离子液体反应型萃取燃油脱硫研究进展

doi:10.11949/0438-1157.20201131

摘要/Abstract

摘要：

随着社会不断发展，汽、柴油的消耗量逐年增大，开发温和条件下对芳香族硫化物具有优异脱除性能的非加氢脱硫方法对我国汽、柴油标准升级具有重要意义。萃取脱硫法能够在室温常压条件下脱除油品中的芳香族硫化物，且能够通过萃取剂结构设计实现选择性脱硫。综述了近年来离子液体反应型萃取脱硫方法的研究进展，主要探讨了离子液体反应型萃取脱硫方法的原理和萃取作用机制，重点论述了离子液体反应型萃取脱硫方法中离子液体设计、氧化剂类型、外场强化作用、离子液体的分离回收等研究现状，分析了制约反应型萃取脱硫广泛工业化应用的瓶颈，并提出合适的解决策略，以期推动基于离子液体反应型萃取脱硫方法和技术的进一步工业化应用。

关键词: 离子液体, 燃油, 脱硫, 反应型萃取, 催化, 过程强化

Abstract:

With the continuous development of society, the consumption of gasoline and diesel has been increasing year by year. The development of non-hydrodesulfurization methods with excellent removal performance of aromatic sulfides under mild conditions is of great significance to the upgrading of Chinese gasoline and diesel standards. Extractive desulfurization can remove aromatic sulfides in fuel oils at room temperature and normal pressure. Moreover, selective desulfurization can be gained by the design of the extractant structures. This article reviews the current research progress of ionic liquid reaction-type extraction desulfurization method. The principle and mechanism of ionic liquid reaction-type extraction desulfurization method are discussed in detail. Moreover, this review focuses on the effects of ionic liquid, oxidant type, and process intensification separation and recovery of ionic liquids, etc. in ionic liquid reaction-type extraction desulfurization method. This article also analyzes the bottleneck restricting the extensive industrial application of reaction-type extraction desulfurization method.
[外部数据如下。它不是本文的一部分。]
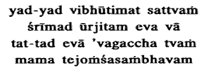 41. Whatever being is glorious, prosperous, or strong, that know thou to be a manifestation of a part of My Splendour.My: the Isvaras.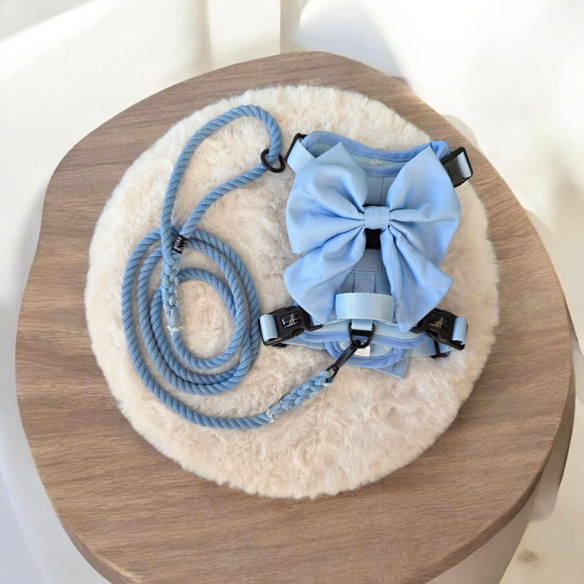 Matching Sailor Bow, Convertible leash, Rope leash, Waterproof leash, poo bag dispenser available (purchase separately).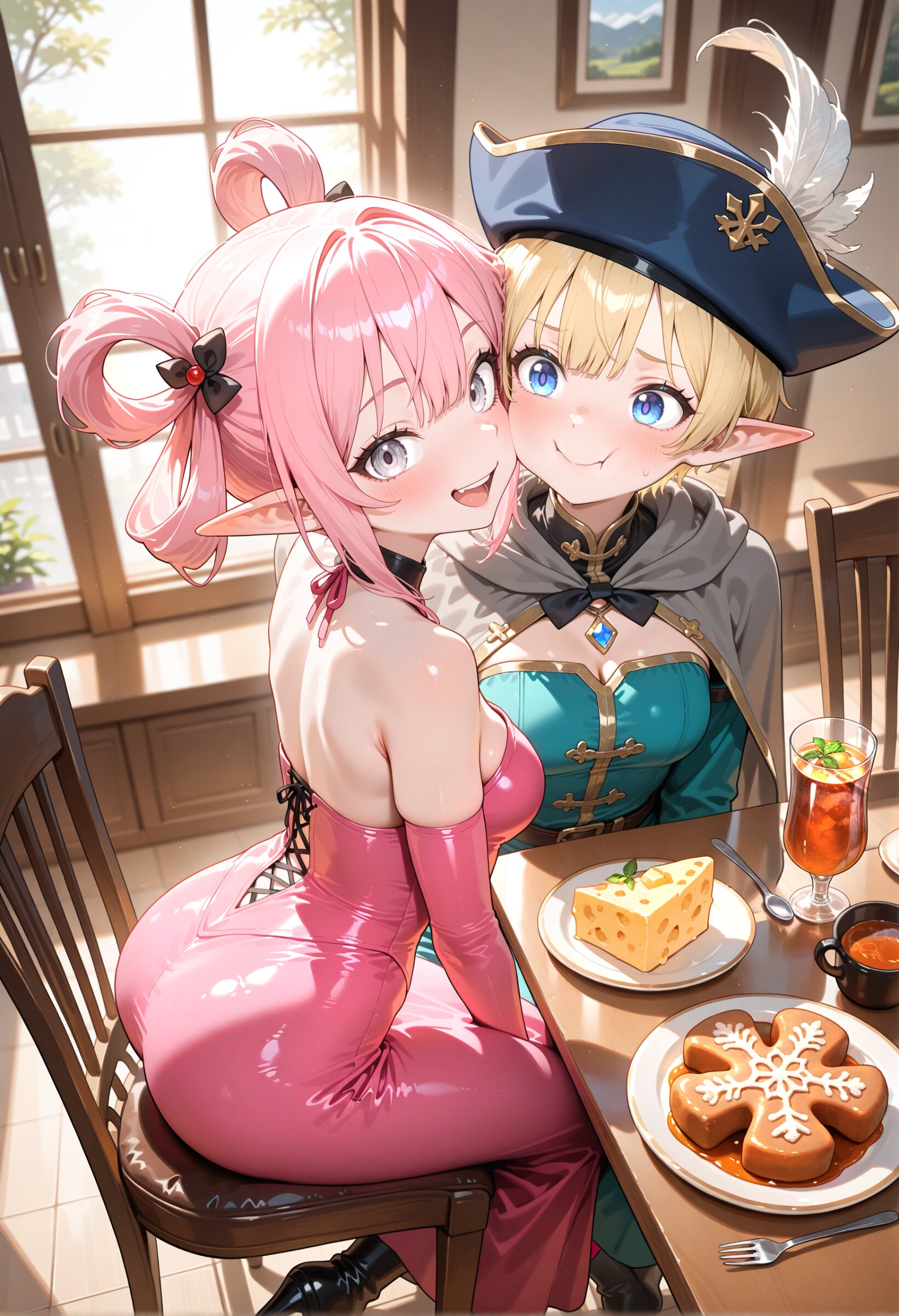 multiple girls, 4girls, (elf girls:1.2), , having a drinking party at a restaurant. (The restaurant's rooftop terrace offers breathtaking panoramic views of the forest and medieval fantasy town:1.0). They are seated around a square table, drinking, chatting, and enjoying their food. Please show their joyous expressions and the sense of camaraderie between them, (noon:1.0), soft natural sunlight, ((close up:1.0), cheek-to-cheek:1.1), from side, looking back, from above, , , perfect anatomy, with fork ,spoon, , eating gratin on pan, pork gingerbread on plate, , cheese, tomato on plate, professional anime art lots of details, , overexposure, shiny-glistening, (watercolor style:0.8), (pastel color style:1.2) you can add scenery, (volumetric lighting), To make the background more distinctive. super fine concept art, hard surface, 8K, unreal engine, masterpiece, best quality, amazing quality, very aesthetic, absurdres, newest, ambient occlusion, raytracing, <lora:noline (1):-0.5> <lora:sdxl2-flat2-512b:0.2> <lora:facelightup_xl_v10:0.5> ((close up:1.0), cheek-to-cheek:1.1), from side, looking back, from above, sexy elf girls sitting on Chinese-style chair,(redness skin:1.0), short hair, hair rings,hairline , shiny hair, insanely beautiful lightgray eyes, first-rate female bodies, perfect body, large breasts, small hips, (embarrassed:0.5), (drunkard, happy:1.2), ringed eyes,, mismatched pupils, upper teeth only, smile a little, fantasy pink leather full armor cuirass capelet high heel boots helmet , bare shoulders, looking at viewer, detached sleeves dynamic lighting, sunlighting, warm sunlight, (perfect anatomy:1.2), cute girls, extremely detailed, perfect face, perfect eyes, (depth of field),warm, 文字数制限により省略

Key words: ionic liquid, fuel oils, desulfurization, reactive extraction, catalysis, processing intensification

中图分类号:

TE 624

吴沛文, 荀苏杭, 蒋伟, 李华明, 朱文帅. 离子液体反应型萃取燃油脱硫研究进展[J]. 化工学报, 2021, 72(1): 276-291.
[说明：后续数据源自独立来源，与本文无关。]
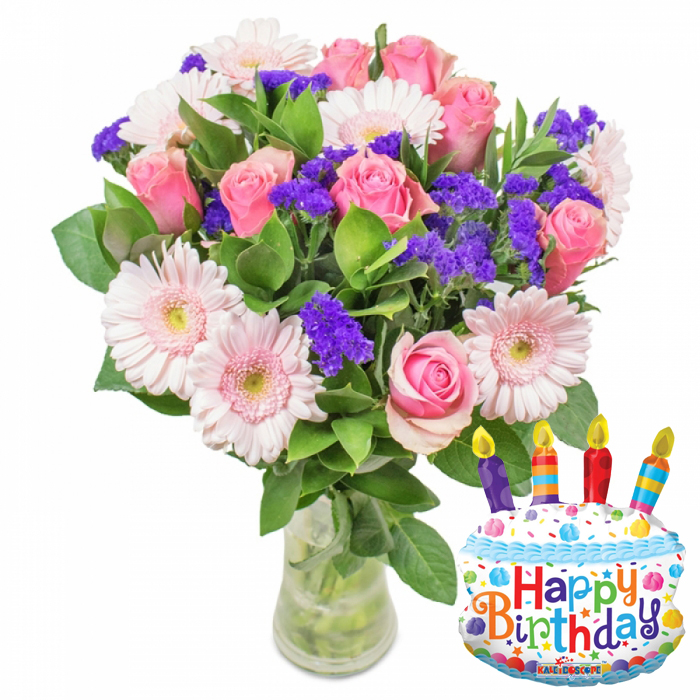 Celebrate their special day with our delightful and unique birthday flower arrangement. This gorgeous bouquet features pink roses, pink germinis, and statice, elegantly paired with fresh ruscus for a charming display.

WU Peiwen, XUN Suhang, JIANG Wei, LI Huaming, ZHU Wenshuai. Recent progress on extractive desulfurization of fuel oils through reactions based on ionic liquids as solvents and catalysts[J]. CIESC Journal, 2021, 72(1): 276-291.

图/表 11

图1 萃取脱硫与加氢脱硫方法耦合

Fig.1 Coupling of extractive desulfurization and hydrodesulfurization technology

图2 萃取脱硫方法(a)；反应型萃取脱硫方法(b)

Fig.2 Extractive desulfurization process(a); Reaction-type extractive desulfurization process(b)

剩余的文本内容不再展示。